На звонок заливается лаем пуделек Чалик. Людмила Васильевна радушно встречает меня. Она в длинном хитоне из легкой темно-синей замши. Седые волосы с сиреневым отливом аккуратно уложены. Лицо, после перенесенной тяжелой болезни, бледное, без косметики. Несколько дней назад Людмила Васильевна отметила свой 72-й день рожденья.
Мы проходим в большую гостиную, усаживаемся за овальный стола, накрытый старинной кружевной скатертью, я включаю магнитофон и, начиная беседу, рассказываю о сценке у цветочного киоска.
Людмила Васильевна улыбается: «Мне грех жаловаться на судьбу. Она меня щедро одарила любовью людей, не просто интересом, а именно любовью. Я им очень благодарна за это. разумеется, я имею в виду людей, воспитанных нашим кино, когда было принято семьями смотреть фильмы, да еще и по нескольку раз. Ну, а что касается современной молодежи, то вполне естественно им не знать наших актеров прошлых лет, особенно теперь, когда на всех нас обрушился поток голливудских боевиков, триллеров, ужастиков, в которых личность артиста пропадает, потому что зритель прежде всего следит за тем, догонят — не догонят, убьют — не убьют.

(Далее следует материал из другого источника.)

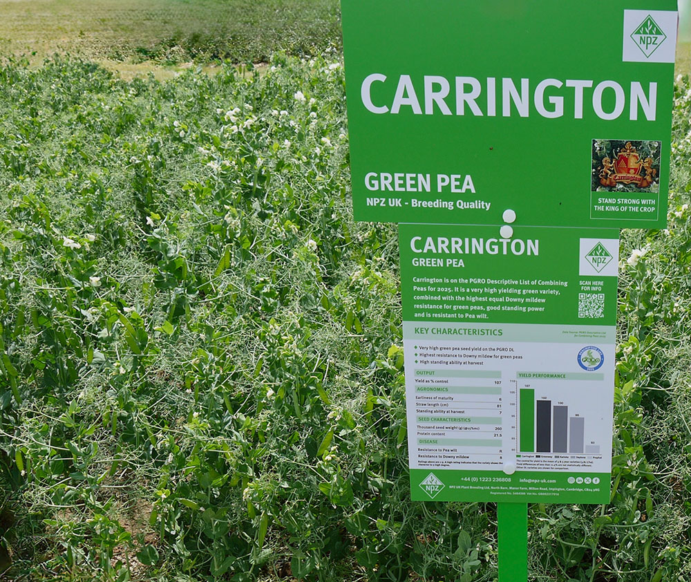 Carrington is one of five NPZ UK Green pea varieties on the PGRO DL, emphasising the breeder’s strong portfolio in combining peas for growers. It shares its DL recommendation with Pangea, Butterfly and Bluetime. These were joined on the latest list by Bullet, a new high yielding variety,

Стрельба, кровь, насилие. Конечно, плохо, когда артиста не видят на экране годами, но я бы не хотела сниматься в этих ужастиках только для того, чтобы меня не забыл зритель.
И еще к вопросу о том, помнят нас или не помнят. Я очень уважаю людей публичных профессий, которые заботятся о своей популярности. Они по разным поводам появляются на телеэкране, на газетных полосах, их услышишь в эфире, они непременные участники тусовок. Наверное, так и нужно. Но я сама даже в самые звездные часы своей актерской биографии не культивировала внимание к своей персоне. Мне это не дано по характеру. Увы, но это так».
— Что же больше всего Вас привлекает в профессии артиста? Ради чего Вы посвятили себя кино и театру?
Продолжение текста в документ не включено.